It appears that Rails will switch to git real soon. Nice! However, it means confusion for developers used to svn. You might find a few tips on this blog to help you get started, but right now I want to give you the secret to git mastery:

You need to think in terms of how you want to modify your graph. My what you say?!? A git repository is a directed acyclic graph of commits (the nodes). Huh?? Read this article: Git for Computer Scientists. Do not continue reading before you understand that article. Everything falls into place when you understand that all git commands manipulate these four basic structures: blobs, trees, commits and tags.

From now on, before typing a git command in the shell, try to picture in your head how you want your repository to look after the command. Your best friend is gitk for visualization (use the –all option to see all branches). Run it before and after each command you do with git. Here is what you should be thinking when using these commands:

  • git commit: I am creating a new node in my graph, linked to the current node.
  • git branch branch_name: I am tagging a node with a name.
  • git merge: I am creating a new node that will link two parents nodes, one for each branch I am merging (could be more than two).
  • git fetch remote_repos: I am adding all the nodes from a distant repository to my graph.
  • git push: I am sending all the nodes I created to a distant repository.
  • git pull: I want to fetch all remote nodes AND merge.

Once you think like this, “advanced” git stuff becomes trivial.
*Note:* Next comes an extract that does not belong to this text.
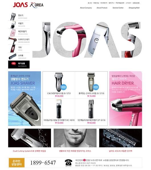 조아스 전용 쇼핑몰(www.joaskorea.co.kr)에서는 대표 제품군인 전기면도기와 전기이발기를 비롯해 헤어드라이기와 기타 소모품까지 다양한 생활 가전 제품을 바로 구입할 수 있다. 무엇보다도 구매 이전 단계에서 생길 수 있는 문의사항에 대해 직통 상담센터(1899-6547)를 운영해 소비자가 충분한 정보를 가지고 제품을 선택할 수 있는 것이 가장 큰 장점이다.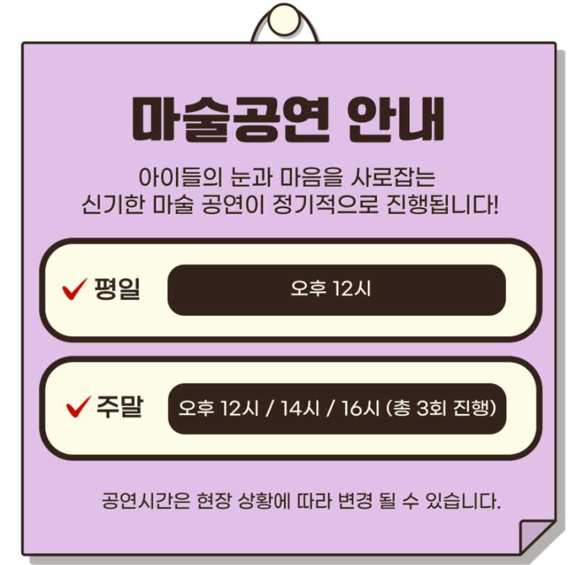 → 마술쇼는 예약 없이 현장 입장 선착순이며, 공연 시간은 입장 시 직원에게 확인하세요.

For example, this morning one coworker realized that his last three commits actually belonged to a branch. Try to visualize the solution. When you think about it, nothing has to change about the actual graph, just which nodes the tag (the branch name) needs to point at. So you just create a branch where you are, on the last commit, and then you can use the reset command to move back the other branch to the correct commit.

That’s the core of git. There are maybe two other things to worry about when using git. The first is the index, which is sort of a staging area where you prepare your commits. The other thing is the way git configuration works and the way it names and references branches (and the special reference HEAD) and remote repositories. Check out the git user manual.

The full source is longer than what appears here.